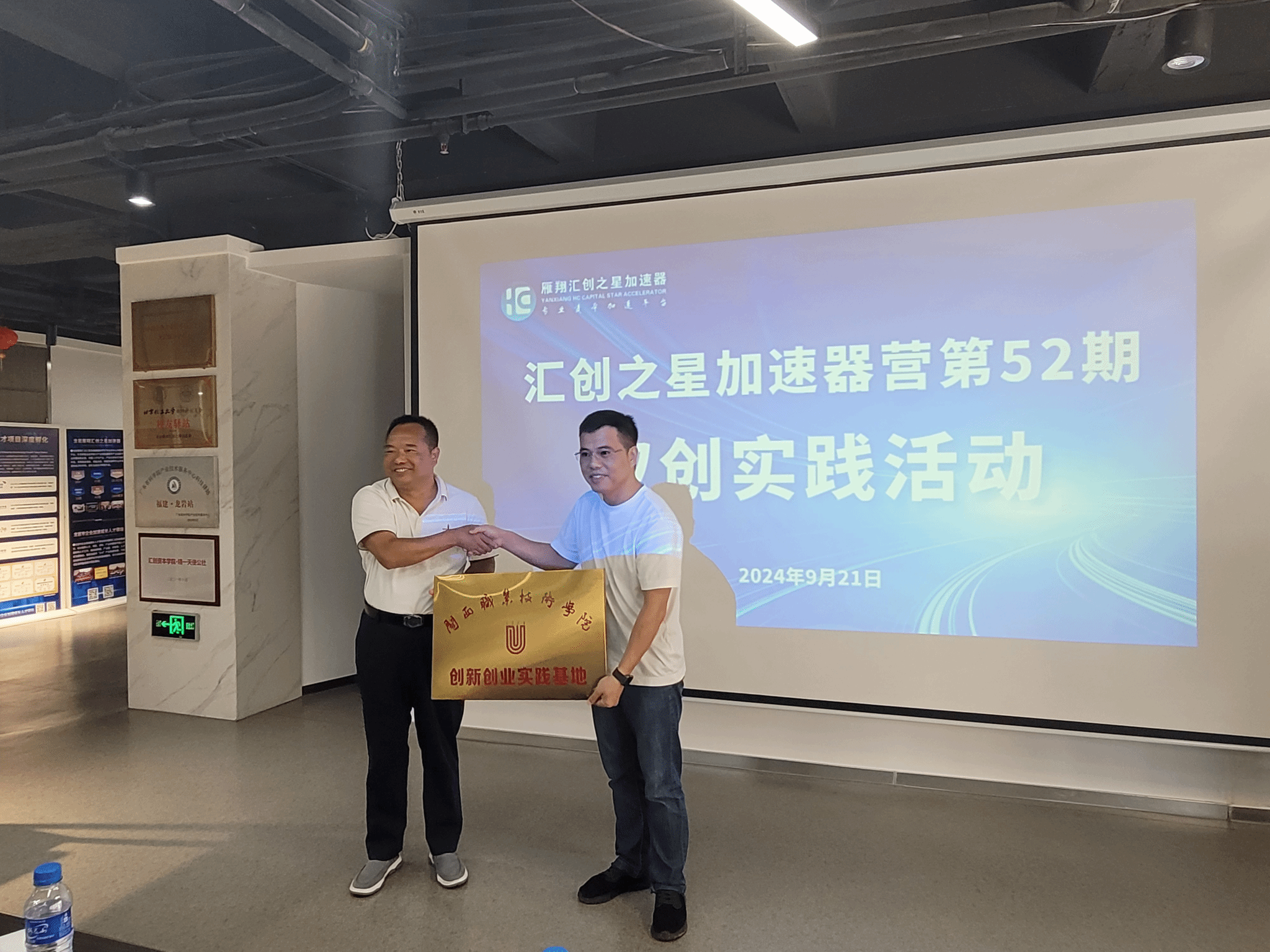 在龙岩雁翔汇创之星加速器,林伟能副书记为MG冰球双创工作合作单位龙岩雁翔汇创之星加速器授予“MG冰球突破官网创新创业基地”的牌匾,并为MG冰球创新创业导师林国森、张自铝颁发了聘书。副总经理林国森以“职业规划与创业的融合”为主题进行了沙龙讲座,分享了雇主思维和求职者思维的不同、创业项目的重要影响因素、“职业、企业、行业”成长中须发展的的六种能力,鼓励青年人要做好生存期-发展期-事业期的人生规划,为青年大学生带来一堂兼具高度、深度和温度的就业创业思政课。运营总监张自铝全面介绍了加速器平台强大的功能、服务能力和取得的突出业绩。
---
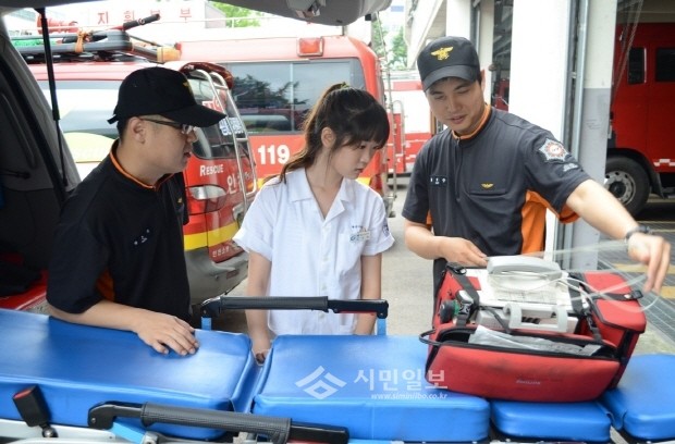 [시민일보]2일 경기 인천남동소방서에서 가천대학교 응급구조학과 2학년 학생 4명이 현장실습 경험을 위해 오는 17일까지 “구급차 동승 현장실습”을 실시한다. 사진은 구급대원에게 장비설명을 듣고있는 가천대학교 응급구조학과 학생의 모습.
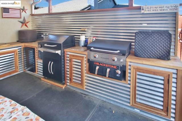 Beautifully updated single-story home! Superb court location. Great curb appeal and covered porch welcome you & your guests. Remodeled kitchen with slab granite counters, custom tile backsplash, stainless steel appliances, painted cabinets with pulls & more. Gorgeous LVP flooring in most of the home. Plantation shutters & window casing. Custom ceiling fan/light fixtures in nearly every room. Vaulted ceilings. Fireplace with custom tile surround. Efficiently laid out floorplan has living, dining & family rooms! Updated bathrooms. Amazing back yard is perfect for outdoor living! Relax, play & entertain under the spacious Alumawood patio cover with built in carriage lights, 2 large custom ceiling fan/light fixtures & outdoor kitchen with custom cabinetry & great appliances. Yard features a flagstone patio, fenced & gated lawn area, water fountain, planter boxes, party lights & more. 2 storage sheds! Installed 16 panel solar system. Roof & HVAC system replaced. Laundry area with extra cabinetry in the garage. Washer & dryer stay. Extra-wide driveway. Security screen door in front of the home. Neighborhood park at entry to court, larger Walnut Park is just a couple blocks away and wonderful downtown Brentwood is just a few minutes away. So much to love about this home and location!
--
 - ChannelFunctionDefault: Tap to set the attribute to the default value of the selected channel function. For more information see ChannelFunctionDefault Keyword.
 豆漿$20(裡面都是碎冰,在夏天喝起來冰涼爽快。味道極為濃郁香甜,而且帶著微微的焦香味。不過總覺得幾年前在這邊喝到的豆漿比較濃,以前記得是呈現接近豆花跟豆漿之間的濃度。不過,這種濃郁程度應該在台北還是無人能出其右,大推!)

## [Work request]
The lines above starting at the one that holds "[시민일보]2일 경기 인천남동소방서에서" and ending at the one that holds "Beautifully updated single-story" are to be written out exactly, ends included, and no pictures are to be copied.

## [Solved problem]
 [시민일보]2일 경기 인천남동소방서에서 가천대학교 응급구조학과 2학년 학생 4명이 현장실습 경험을 위해 오는 17일까지 “구급차 동승 현장실습”을 실시한다. 사진은 구급대원에게 장비설명을 듣고있는 가천대학교 응급구조학과 학생의 모습.
 Beautifully updated single-story home! Superb court location. Great curb appeal and covered porch welcome you & your guests. Remodeled kitchen with slab granite counters, custom tile backsplash, stainless steel appliances, painted cabinets with pulls & more. Gorgeous LVP flooring in most of the home. Plantation shutters & window casing. Custom ceiling fan/light fixtures in nearly every room. Vaulted ceilings. Fireplace with custom tile surround. Efficiently laid out floorplan has living, dining & family rooms! Updated bathrooms. Amazing back yard is perfect for outdoor living! Relax, play & entertain under the spacious Alumawood patio cover with built in carriage lights, 2 large custom ceiling fan/light fixtures & outdoor kitchen with custom cabinetry & great appliances. Yard features a flagstone patio, fenced & gated lawn area, water fountain, planter boxes, party lights & more. 2 storage sheds! Installed 16 panel solar system. Roof & HVAC system replaced. Laundry area with extra cabinetry in the garage. Washer & dryer stay. Extra-wide driveway. Security screen door in front of the home. Neighborhood park at entry to court, larger Walnut Park is just a couple blocks away and wonderful downtown Brentwood is just a few minutes away. So much to love about this home and location!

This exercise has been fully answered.